Books throw the reader into a new world. A fantastical world, a world strikingly similar to our own, or reminiscent of our childhood. A world depicting the future or the past. A world that may affect our own. Here we explore the alternate worlds of stories- a parallel universe.

Wednesday, March 16, 2011

Investigative Whiskers

In the mood for a heart-pounding, mind-stimulating mystery?  What about a creative tale featuring a hyper-sensitive moustache and a cat that can read? 

Lillian Jackson Braun’s The Cat Who… series epitomizes the mystery genre.  While there is the predictable death and intrigue, the imagination embedded in these books makes them anything but your run-of-the mill mystery.

 When reading a mystery, one must consider every little detail as a clue.  With these mysteries, every little detail may be a clue, but just as the reader starts connecting dots, the realization dawns that the dots cannot be connected, that the clues they were piecing together were in fact red herrings, events to throw the reader off the track that in reality have absolutely no bearing on the case at hand.  So then in the next book, the clever reader ignores seemingly blatant red herrings only to discover that they weren’t red herrings after all. 

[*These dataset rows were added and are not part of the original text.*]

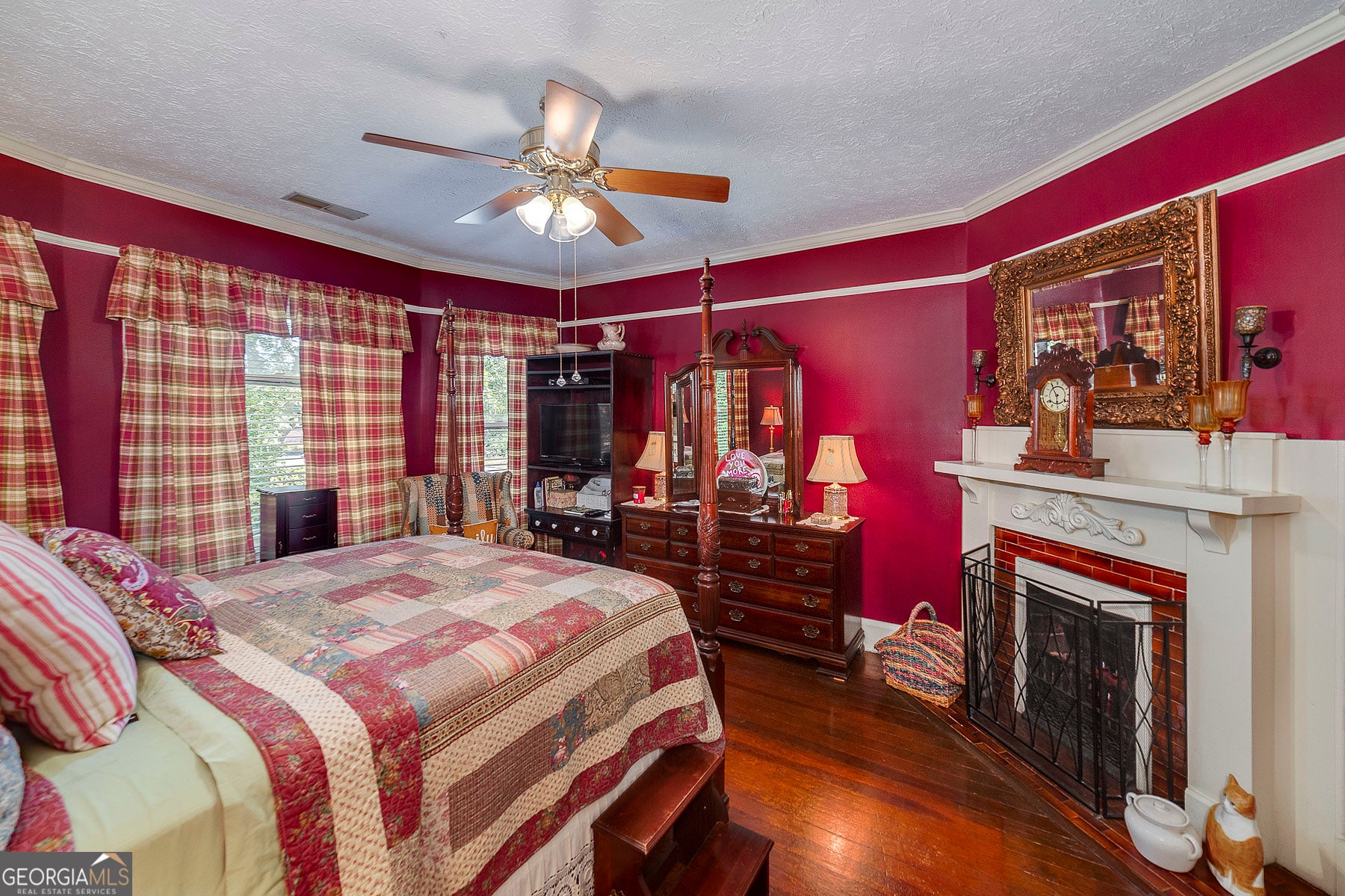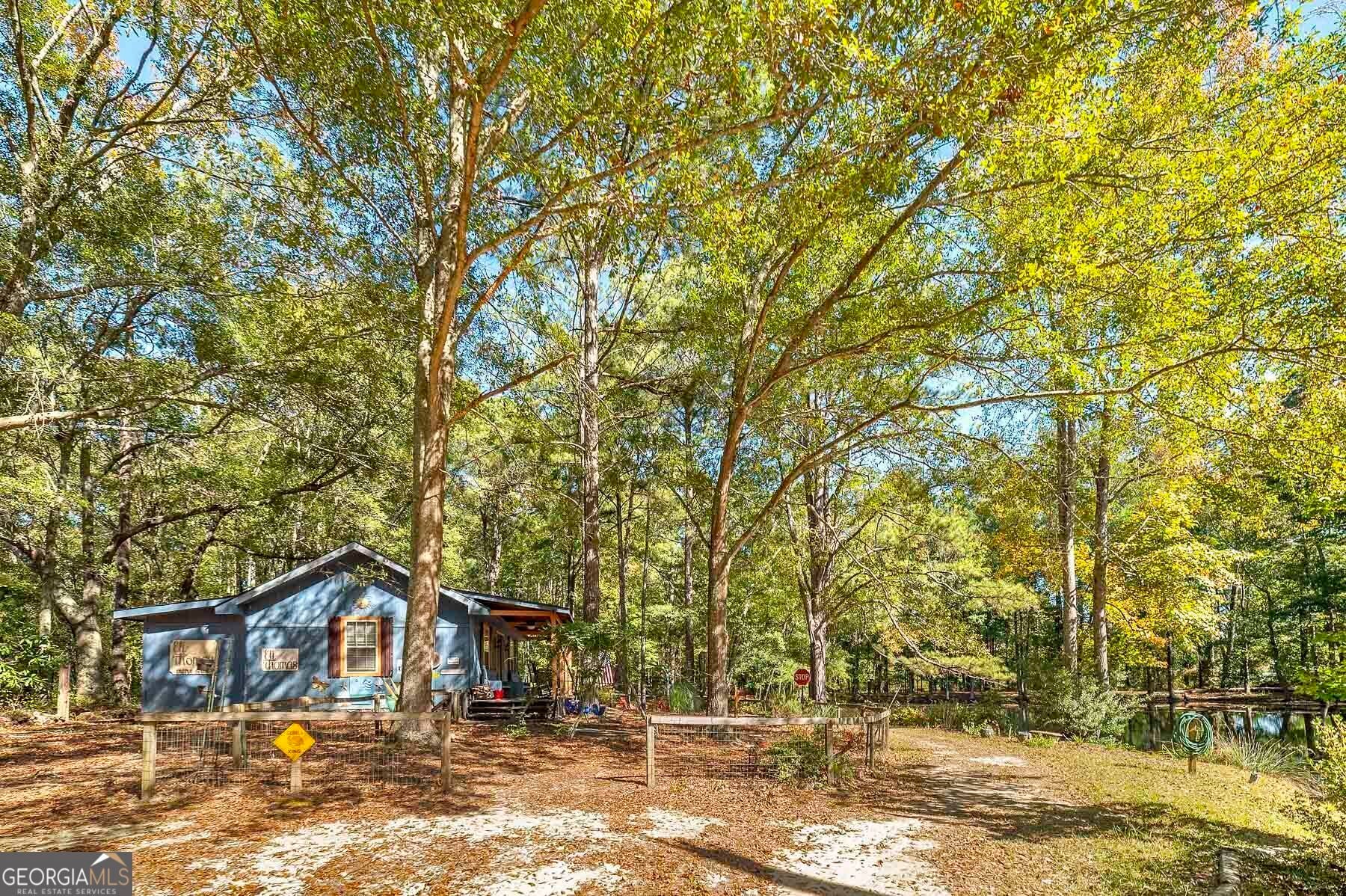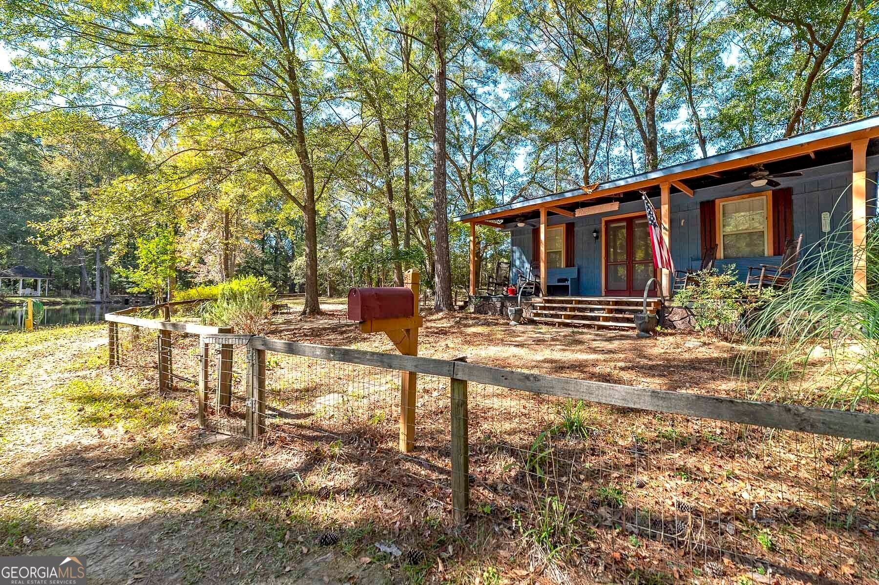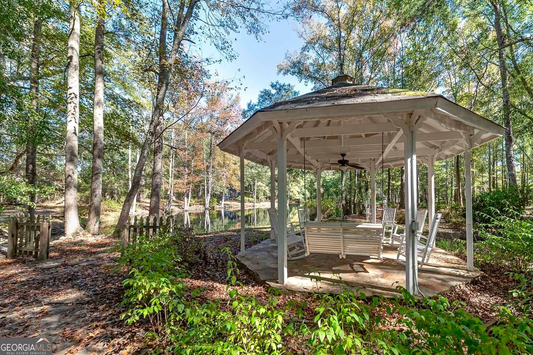Step into a piece of history with this stunning Victorian home, built in 1900, perfectly situated within walking distance to downtown Meansville, Georgia. This classic two-story gem, complete with a white picket fence, features a large front half wraparound porch that invites you to unwind and enjoy the picturesque surroundings. The charm doesn't stop there - the 5.285 acre property features mature pecan and fig trees, 100's of bulbs and azaleas, flowering trees and bushes that provide outdoor living areas with gorgeous colors all year around. So much on this unique property - a detached two-car carport, an original restored barn, which provides ample storage and work space with 100 amp power, an original main store building from downtown Meansville, now used as a storage outbuilding, a 4-bay pole barn, the 1.5 acre wet-weather spring fed pond brimming with bass, bluegill, and redbreast gill, a unique butterfly garden, hand-built gazebo overlooking the pond, a private, drilled well and city water. You will fall in love with the wood cabin/guesthouse with indoor plumbing, beautiful heart of pine hardwood floors, and a wood burning stove where guests can stay, or you can sneak away for a staycation on your very own property! Inside the main house you'll be captivated by the authentic elegance that has been meticulously restored to reflect the turn-of-the-century style. Beautiful oak and heart of pine hardwood floors run throughout the home, complementing the intricate details that honor its historic past. The updated kitchen seamlessly blends modern conveniences with vintage flair, ideal for both everyday living and entertaining. Each room features original fireplaces, with gas burning logs or decorative, adding to the home's historical ambiance. The large dining room is perfect for hosting family gatherings, exuding warmth and charm. Throughout, authentic features carry the classic 1900 theme, from period appropriate light fixtures and glass doorknobs to intricately designed moldings, sinks, claw-foot bathtub and more. This Victorian beauty is not just a home: it's a lifestyle, offering a rare blend of historic charm and modern comfort. Don't miss your chance to make your own memories in this elegant piece of history in the heart of Meansville.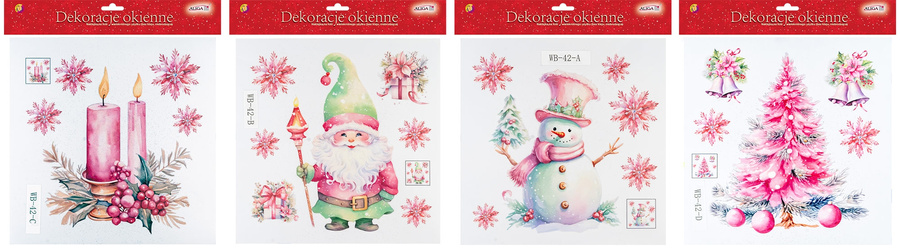 WITRAŻ Świąteczny Bożonarodzeniowy naklejki na szybę różowe mix wzorów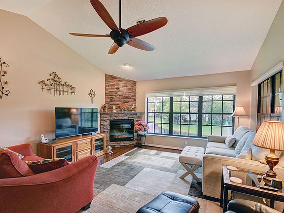 Beautiful cozy condo light & bright in the best location in the community. Rarely available 3 bedrooms 2 baths with water & two fountain views from your enclosed balcony & living room. Enjoy the warmth of your fireplace. Wood laminate flooring throughout the main living areas. You will delight in the updated kitchen w/granite counters & wood cabinetry, S.S. appliances,& more. Main bedroom water views, an updated bath, 3rd bedroom is a den. The 2nd bath is also updated. Front load washer & dryer & more. Community has a park like setting, clubhouse, pool, fitness center, billiards, tennis & pickle ball courts, & much more .Fantastic location close to everything, shopping, entertainment, restaurants, parks, beaches & more. Perfect for the Snowbird or enjoy the wonderful Florida life!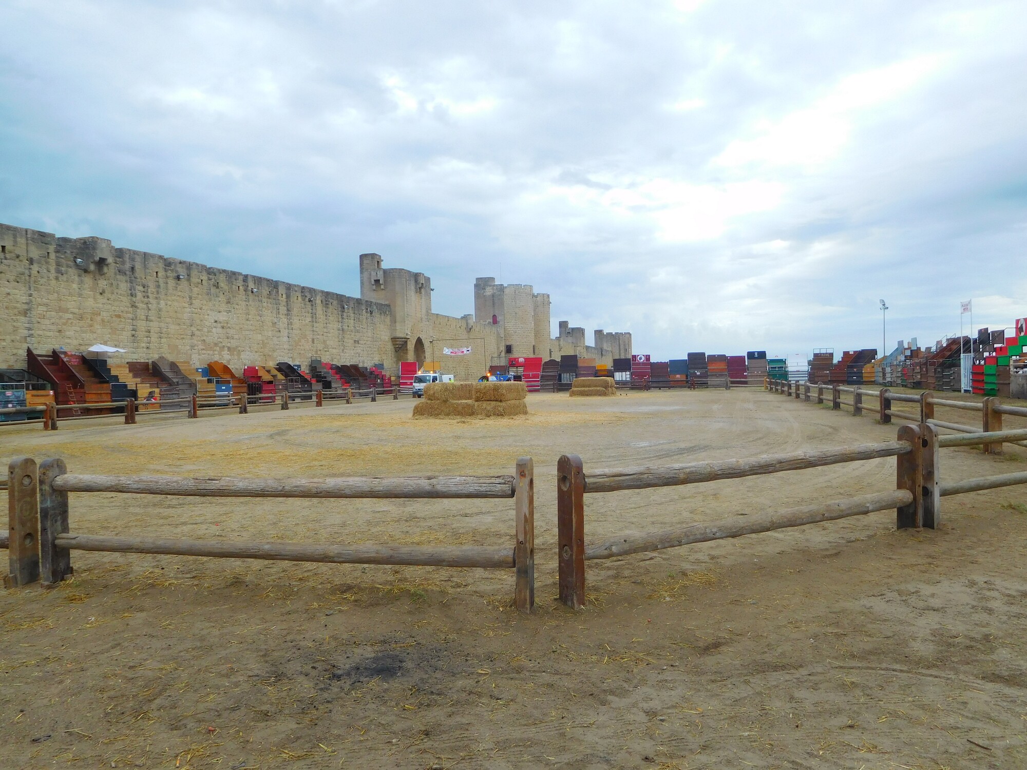 One of the festive activities was going to be a bull fight. A portable bull ring had been installed. The photo is taken from inside.

The point is, these books are unpredictable.  Trends from one may or may not apply to the next murder.  You are not going to be able to solve it half-way through, so of course you won’t be able to stop reading until you reach the end. 

But one thing all the books share is a dynamic duo: James Qwilleran (yes that’s Qw NOT Qu) and his Siamese cat K’ao Ko Kung (aka Koko).  While Qwilleran jumps from beat to beat- Art, Interior Design, Food, his own Column, etc, intrigue follows.  And where there is intrigue, the curious man with the bushy salt-and-pepper mustache and his cat detective put their heads together to solve it. 


Maybe not, but enjoyable they certainly are.   It’s not like the cat talks- Siamese are just a special breed of animal with superior minds.  And of course nobody notices a cat when they show up to murder someone, so if the cat can somehow communicate what it’s seen, say by showing its owner secret doors hidden behind tapestries for example, or tracing certain letters with its nose…  Added to that Qwilleran has a mustache that may not be as sensitive as Koko’s whiskers but certainly has a knack for giving its owner hunches.  The combination is enough to make murderers shake in their shoes.

Varying in lengths these books are perfect for anything from a week or a month of puzzling to warming up the mind on a Sunday evening for the week ahead.  


  1. I always love reading your posts because you seem to have a wide range of interest in books.

  2. You should consider writing reviews for the Collegian. I'm very serious about this!

  3. I love your writing style, I agree with robin. I think you should post links to the author's page in each entry. Keep expending the resouces for your own readers.

  4. Your new labels on the side of your blog are a great addition! Mysteries are a great read, although I can't recall reading one aside from my Nancy Drew days and a bit of Agatha Cristie. They are very engaging, the types of books that are hard to put down.